XXI.

Foi incêndio!

Lo primero de todo: esto no fue robar, ¡pues solo faltaría!, esto fue traerse a casa el borde marmóreo de un altar portugués.

Y sucedió como sigue. ¿Ves esa iglesia que hay a un lado del Rossio de Lisboa? Esa que sufrió un incendio en los años ’50 del siglo XX, y no sé cuántos ─pocos─ años después le dieron un arrimateacá para que se sostuviera y admitiese volver al culto sin dejar de mostrar las trágicas trazas de la quemazón («Foi incêndio!») a los cristianos corazones...

¿La ves? ¿La sitúas?

Bueno, pues yo no había entrado allí en ninguno de mis viajes a Lisboa. Entro en ella el otro día del otro mes, la recorro (había un cura confesando a una penitenta: ella arrodillada sobre el santo suelo del presbiterio y él al lado sentado en un sillón; en qué punto andaría la bronca que el senhor Padre le estaba echando, que oíamos sus palabras los turistas circunstantes: «Tu és doida, minha filha, tu és maluca!»), continúo el periplo y reparo en un altar de mármol color carne todo slabbrato, tout délabré, y me digo tontamente: ¿pero esto seguirá funcionando?

Conque me acerco más, apoyo las dos manos en el borde del ara para inclinarme a mirar mejor, y debía de parecer el movimiento litúrgico del preste cuando hace eso mismo para mejor doblar una rodilla, en el decurso de la misa; pero en ese mismo momento siento bajo mis dedos que el borde... casi carnal... del altar, se desprende y me deja entre los dedos una reliquia física.

Aquí la tengo, sobre mi mesa de trabajo, mientras escribo.
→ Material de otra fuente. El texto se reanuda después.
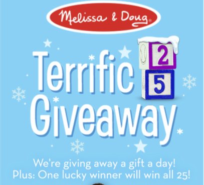 25 FIRST PRIZES: A prize from Melissa & Doug's “2019 Terrific 25 Giveaway Prize List”. ARV: $16.99 - $229.98.Entry Form

No es grande, ni falta que hacía: es pequeña, pero se llevó consigo sus raíces de interior de la piedra, y contrasta dolorosamente el borde recurvo, suave, con la entraña de la piedra mármol, áspera, y con el ligero parpadeo de un rebrillar mineral diverso que tuviera el mármol dentro.

El todo parece un colmillo antediluviano que impresiona un poco, si no te has acostumbrado a él como yo.

¡No le des mucho trasteo, que se desmorona!